▶ _Data_:
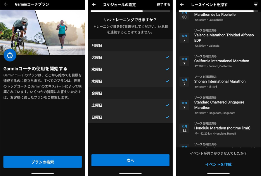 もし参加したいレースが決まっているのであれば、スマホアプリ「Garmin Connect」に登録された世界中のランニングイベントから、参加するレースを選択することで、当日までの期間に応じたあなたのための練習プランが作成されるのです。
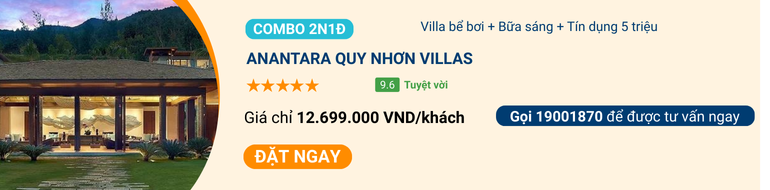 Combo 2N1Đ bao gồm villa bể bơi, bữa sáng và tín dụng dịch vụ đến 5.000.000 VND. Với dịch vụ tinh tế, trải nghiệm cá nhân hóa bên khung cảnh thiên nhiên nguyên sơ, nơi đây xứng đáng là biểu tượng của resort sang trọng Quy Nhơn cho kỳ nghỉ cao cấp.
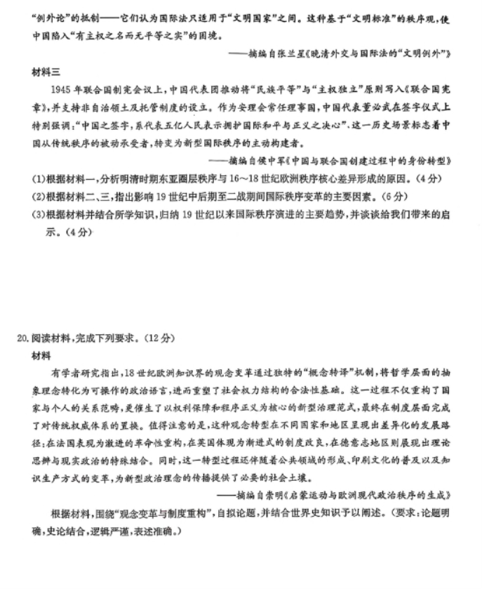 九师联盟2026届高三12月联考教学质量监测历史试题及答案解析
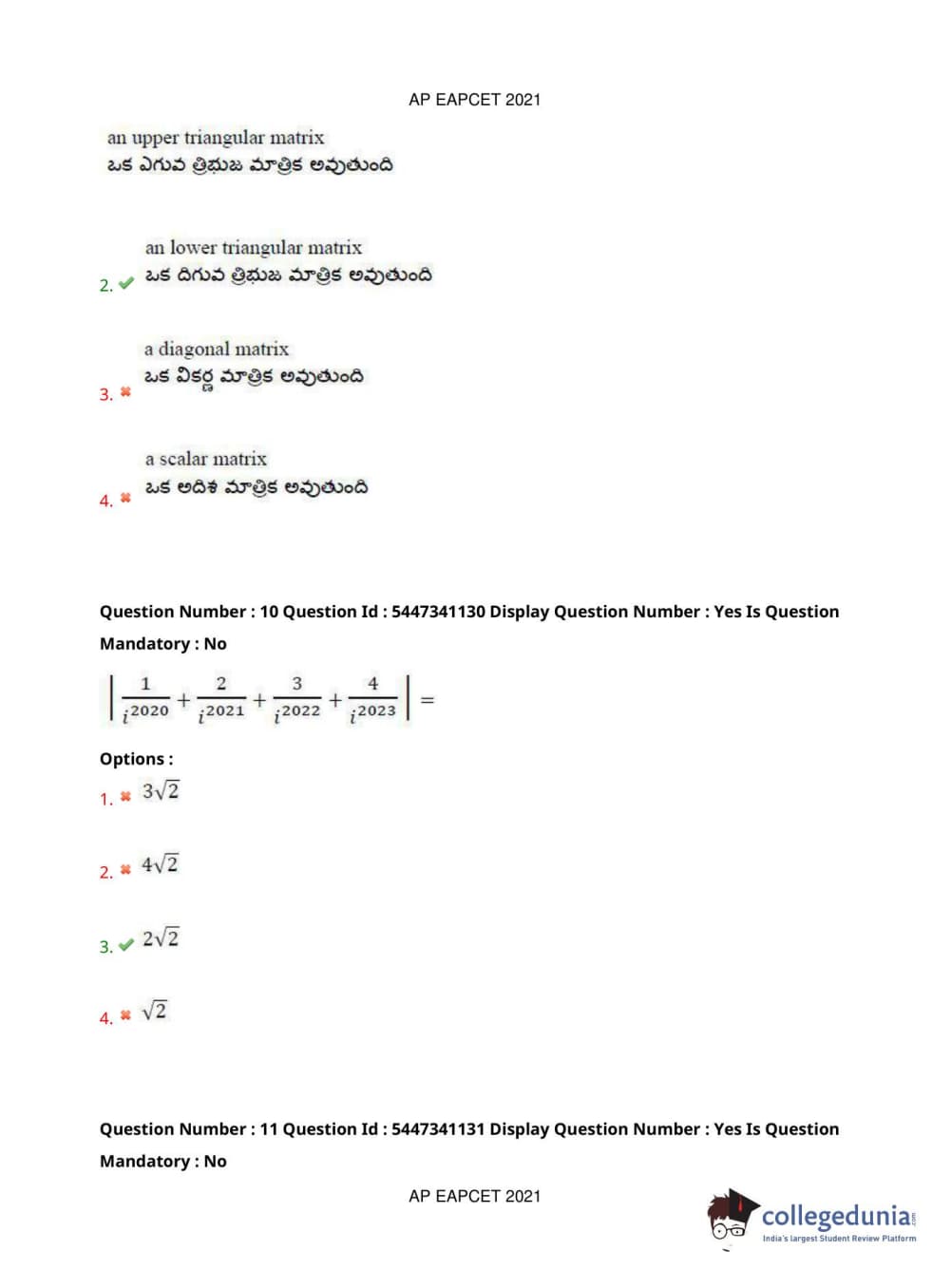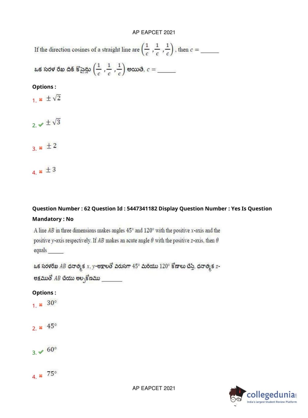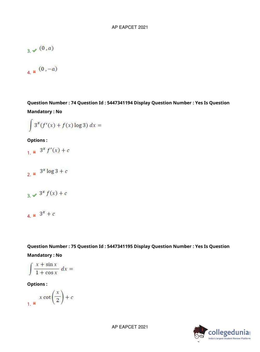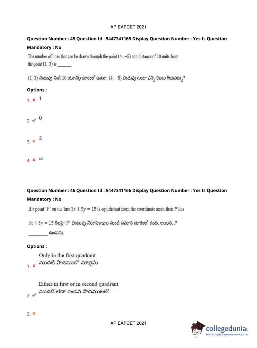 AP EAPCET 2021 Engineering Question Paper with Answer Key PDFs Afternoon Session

▶ _Aim of the task_:
Give the data again exactly, without pictures.

▶ _The completed task_:
 もし参加したいレースが決まっているのであれば、スマホアプリ「Garmin Connect」に登録された世界中のランニングイベントから、参加するレースを選択することで、当日までの期間に応じたあなたのための練習プランが作成されるのです。
 Combo 2N1Đ bao gồm villa bể bơi, bữa sáng và tín dụng dịch vụ đến 5.000.000 VND. Với dịch vụ tinh tế, trải nghiệm cá nhân hóa bên khung cảnh thiên nhiên nguyên sơ, nơi đây xứng đáng là biểu tượng của resort sang trọng Quy Nhơn cho kỳ nghỉ cao cấp.
 九师联盟2026届高三12月联考教学质量监测历史试题及答案解析
 AP EAPCET 2021 Engineering Question Paper with Answer Key PDFs Afternoon Session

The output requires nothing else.